39.8 cm × 30.6 cm (15.7 in × 12.0 in)

Location
  
Museo Dolores Olmedo, Xochimilco, Mexico City, Mexico

Periods
  
Surrealism, Naïve art, Modern art, Magical Realism

Similar
  
Frida Kahlo artwork, Artwork at Museo Dolores Olmedo, Self-portraits

The Broken Column (La Columna Rota in Spanish) is an oil on masonite painting by Mexican artist Frida Kahlo, painted in 1944 shortly after she had had spinal surgery to correct on-going problems which had resulted from a serious traffic accident when the painter was eighteen years old. The original is housed at the Museo Dolores Olmedo in Xochimilco, Mexico City, Mexico.

As with many of her self-portraits, pain and suffering is the focus of the work, though unlike many of her other works, which include parrots, dogs, monkeys and other people, in this painting, Kahlo is alone. Her solitary presence on a cracked and barren landscape symbolize both her isolation and the external forces which have impacted her life. As an earthquake might fissure the landscape, Kahlo's accident broke her body.
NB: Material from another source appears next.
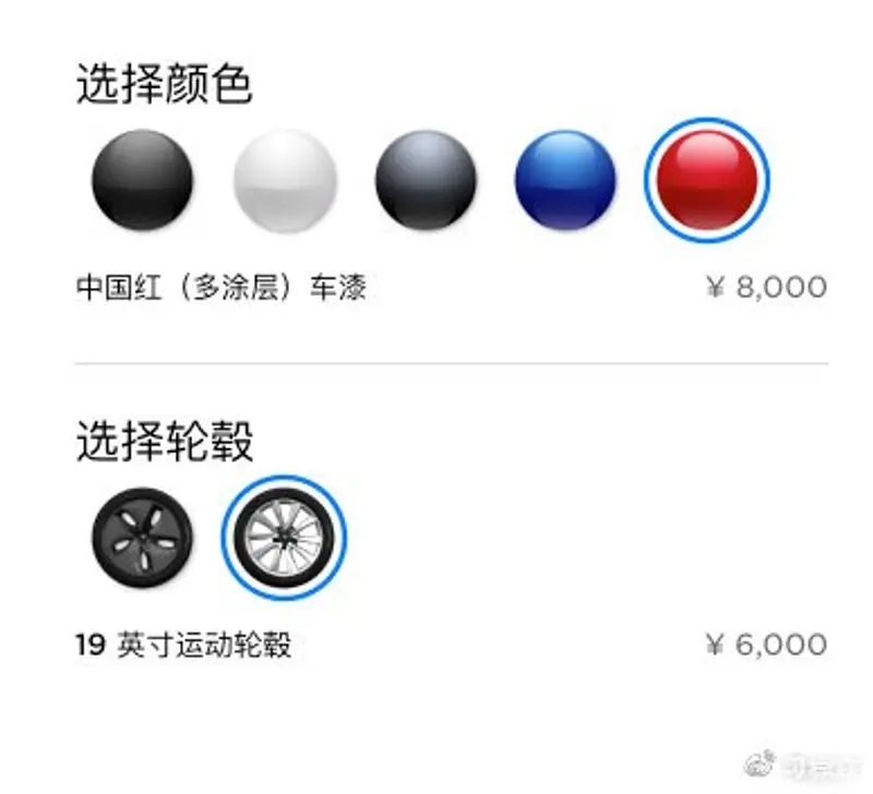 从公告来看,这次的选配价格调整包括车漆颜色与轮毂两个方面。

In the painting Kahlo's nude torso is split, replicating the ravine-laced earth behind her and revealing a crumbling, Ionic column in place of her spine. Her face looks forward, unflinchingly, though tears course down her cheeks. In spite of the brokenness of her internal body, her external sensuality is unmarred. The cloth which wraps the lower part of her body and is grasped in her hands, is not a sign of modesty but instead mirrors the Christian iconography of Christ's sheet, as do the nails which are piercing her face and body. The metal corset, which depicts a polio support, rather than a surgical support, may refer to her history of polio or symbolize the physical and social restrictions of Kahlo's life. By 1944, Kahlo's doctors had recommended that she wear a steel corset instead of the plaster casts she had worn previously. In The Broken Column this corset holds together Kahlo's damaged body.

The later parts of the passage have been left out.